In the second case, the time is implicitly about the following day.

My idea is:

1. Convert the times into their equivalent in total minutes (h*60+m).
2. Compute the difference.
3. Convert the difference back in the format hh:mm.

For the moment, I am stuck with a syntax error:

Missing number, treated as zero. Missing ) inserted for expression.

\documentclass{article}

\def\nok#1:#2\relax#3:#4\relax{%
    \def\tStart{\the\numexpr(#1*60+#2)}%
    \def\tEnd{\the\numexpr(#3*60+#4)}%
    \tEnd\ifnum\tEnd<\tStart+1440\fi%
}

\begin{document}

\the\numexpr(\nok22:44\relax22:50\relax)

\end{document}

What am I doing wrong?

Answer 1

\numexpr expressions have to expand to the numeric syntax so you can not have unexpandable assignments from \def

I think this is the calculation you intended

\documentclass{article}

\def\nok#1:#2\relax#3:#4\relax{%
\numexpr
 \numexpr(#3)*60+#4\relax
 \ifnum\numexpr(#1)*60+#2\relax<\numexpr(#1)*60+#2\relax+1440\fi
\relax
 }

\begin{document}

\the\numexpr(\nok22:44\relax22:50\relax)\relax

\end{document}

Answer 2

You can also use Lua, if you're willing to compile with lualatex instead of pdflatex:

\documentclass{article}

\directlua{dofile('timediff.lua')}
\def\wait#1#2{\directlua{tex.print(timediff('#1', '#2'))}}

\begin{document}
The time from 22:44 to 22:50 is \wait{22:44}{22:50}.

The time from 23:00 to 00:10 is \wait{23:00}{00:10}.
\end{document}

where timediff.lua is:

function hhms(s)
   -- Example: hhms('01:42') gives 102
   local _, _, hh, mm = string.find(s, "(%d*):(%d*)")
   return hh * 60 + mm
end

function timediff(time1, time2)
   -- Example: timediff('22:45', '01:15') gives '02:30'
   local t1 = hhms(time1)
   local t2 = hhms(time2)
   if t2 < t1 then t2 = t2 + 1440 end
   local d = t2 - t1
   local mm = d % 60
   local hh = (d - mm) / 60
   return string.format('%02d:%02d', hh, mm)
end

Later you may find Lua's time and date functions useful.

Answer 3

The expected expl3 answer providing the expected padding.
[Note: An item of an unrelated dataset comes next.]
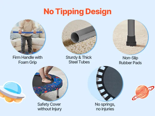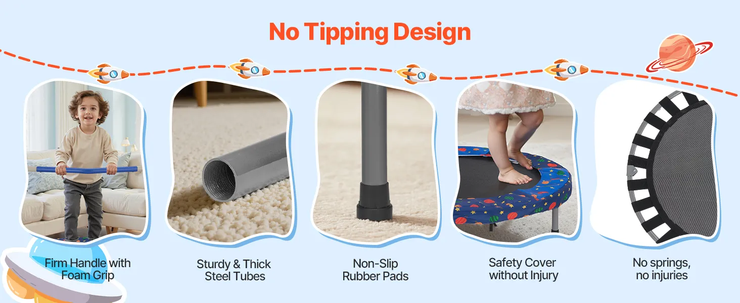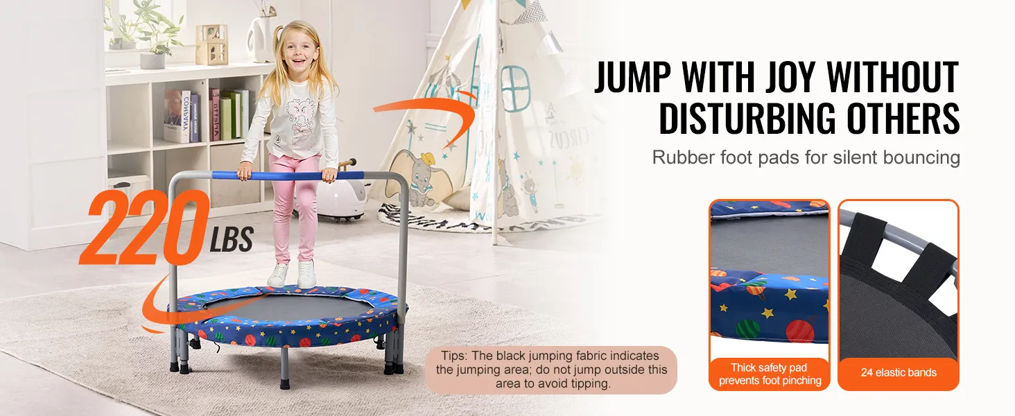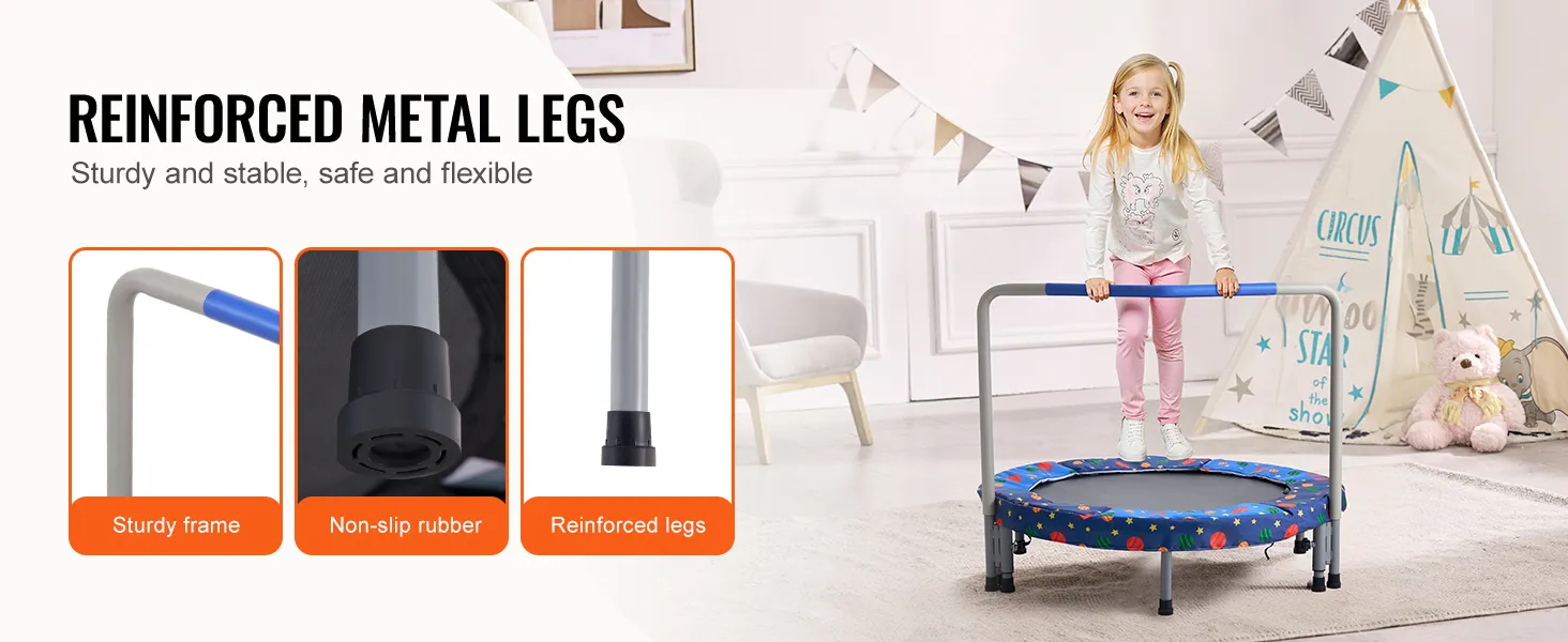 Versterkte poten: deze mini-trampoline voor peuters is uitgerust met een stevig frame, PP-springmat, veiligheidskussens, platte elastische banden, beenbuizen met rubberen uiteinden en met schuim beklede handgrepen en is gebouwd om lang mee te gaan. De nieuw verbeterde, versterkte poten zijn bestand tegen buigen en vervormen en zorgen voor een stevige stabiliteit. De rubberen voetkussens zorgen voor geruisloos springen.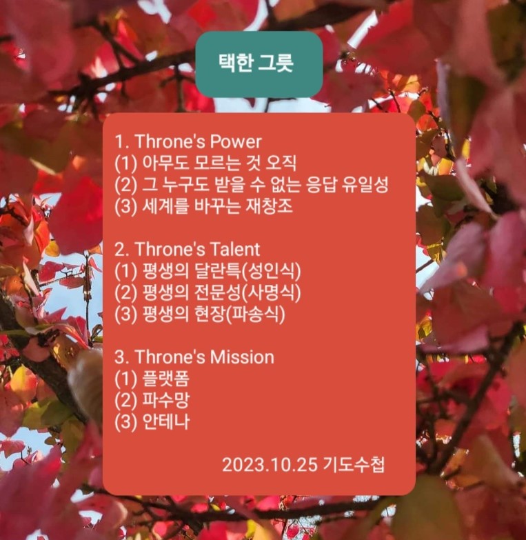 보좌에서 내리는 미션을 가지고 있으면 내가 플랫폼이 됩니다. 또한 사람들이 내게 와서 빛과 생명을 보게 됩니다. 그것이 파수망입니다. 나를 통해 메시지와 소통됩니다. 안테나가 되는 것입니다.

This also support (single) macros in the input.

\documentclass{article}
\usepackage{xparse}

\ExplSyntaxOn

\NewExpandableDocumentCommand{\timedelta}{mm}
 {
  \joseph_timediff:ff { #1 } { #2 }
 }

\cs_new:Nn \joseph_timediff:nn
 {
  \__joseph_timediff:ff
   { \__joseph_minutes:w #1 \q_stop }
   { \__joseph_minutes:w #2 \q_stop }
 }
\cs_generate_variant:Nn \joseph_timediff:nn { ff }

\cs_new:Nn \__joseph_timediff:nn
 {
  \joseph_output:f
   {
    \int_eval:n { (#2) - (#1) \int_compare:nNnT { #2 } < { #1 } { + 1440 } }
   }
 }
\cs_generate_variant:Nn \__joseph_timediff:nn { ff }

\use:x
 {
  \cs_new:Npn \exp_not:N \__joseph_minutes:w ##1 \token_to_str:N : ##2 \exp_not:N \q_stop
 }
 {
  #1 * 60 + #2
 }

\cs_new:Nn \joseph_output:n
 {
  \int_compare:nNnT { \int_div_truncate:nn { #1 } { 60 } } < { 10 } { 0 }
  \int_div_truncate:nn { #1 } { 60 }
  :
  \int_compare:nNnT { \int_mod:nn { #1 } { 60 } } < { 10 } { 0 }
  \int_mod:nn { #1 } { 60 }
 }
\cs_generate_variant:Nn \joseph_output:n { f }

\ExplSyntaxOff

\newcommand\routeStart{01:27}
\newcommand\routeStop{01:27}

\begin{document}

\timedelta{22:40}{22:50}

\timedelta{23:00}{00:10}

\timedelta{08:24}{19:32}

\timedelta{\routeStart}{01:27}

\timedelta{16:03}{\routeStop}

\timedelta{\routeStart}{\routeStop}

\end{document}

Answer 4

An approach without packages.

\documentclass{article}


\makeatletter
% Will be expandable, expands in two steps
\newcommand{\timedelta}[2]{\romannumeral0\timedelta@i#1:#2:}%
% get arguments and evaluate time difference in minutes
\def\timedelta@i #1:#2:#3:#4:%
   {\expandafter\timedelta@ii\the\numexpr#3*60+#4-#1*60-#2.}%
% correct modulo 24*60 if difference turns out negative
\def\timedelta@ii#1{\expandafter\timedelta@iii\the\numexpr
                    \if-#11440\fi #1}%
% do Euclidean division by 60. Curse \numexpr rounding in passing.
\def\timedelta@iii#1.{\expandafter\timedelta@iv\the\numexpr
                    (#1 + 30)/60 -1.#1.}%
% Get the remainder too, prepare for zero padding
\def\timedelta@iv #1.#2.{\expandafter\timedelta@v\the\numexpr
                    100+#2-60*#1\expandafter.\the\numexpr100+#1.}
% Output final result 
\def\timedelta@v 1#1.1#2.{ #2:#1}
\makeatother

\begin{document}

\timedelta{22:40}{22:50}

\timedelta{23:00}{00:10}

\timedelta{08:24}{19:32}

\end{document}

---

In practice, one may want to use the \timedelta with arguments being themselves macros. But the above code does not expand the arguments. This led to follow-up question Probably just another gdef-expansion problem.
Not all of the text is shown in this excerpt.